---- Information given

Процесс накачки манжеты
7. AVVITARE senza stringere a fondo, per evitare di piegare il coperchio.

--------
---- Information given

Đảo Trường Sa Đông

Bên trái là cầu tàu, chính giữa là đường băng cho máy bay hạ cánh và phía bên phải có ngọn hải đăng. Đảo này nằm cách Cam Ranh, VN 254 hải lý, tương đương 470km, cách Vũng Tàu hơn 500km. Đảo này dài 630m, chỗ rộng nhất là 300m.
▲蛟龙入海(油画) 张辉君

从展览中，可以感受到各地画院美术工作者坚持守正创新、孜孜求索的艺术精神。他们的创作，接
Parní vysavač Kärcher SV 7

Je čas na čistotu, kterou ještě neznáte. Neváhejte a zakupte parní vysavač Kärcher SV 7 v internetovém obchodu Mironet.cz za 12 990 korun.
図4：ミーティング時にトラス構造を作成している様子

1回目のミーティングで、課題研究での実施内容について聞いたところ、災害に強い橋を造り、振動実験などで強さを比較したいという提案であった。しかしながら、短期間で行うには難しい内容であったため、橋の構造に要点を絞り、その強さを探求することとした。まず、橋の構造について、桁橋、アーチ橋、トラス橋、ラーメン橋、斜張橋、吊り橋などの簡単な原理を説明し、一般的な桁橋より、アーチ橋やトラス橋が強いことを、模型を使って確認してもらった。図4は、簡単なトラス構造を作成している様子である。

--------

-- Action item --
Each line of the listing above that contains the word "Kärcher" is to be copied.

-- Solved exercise --
Parní vysavač Kärcher SV 7
Je čas na čistotu, kterou ještě neznáte. Neváhejte a zakupte parní vysavač Kärcher SV 7 v internetovém obchodu Mironet.cz za 12 990 korun.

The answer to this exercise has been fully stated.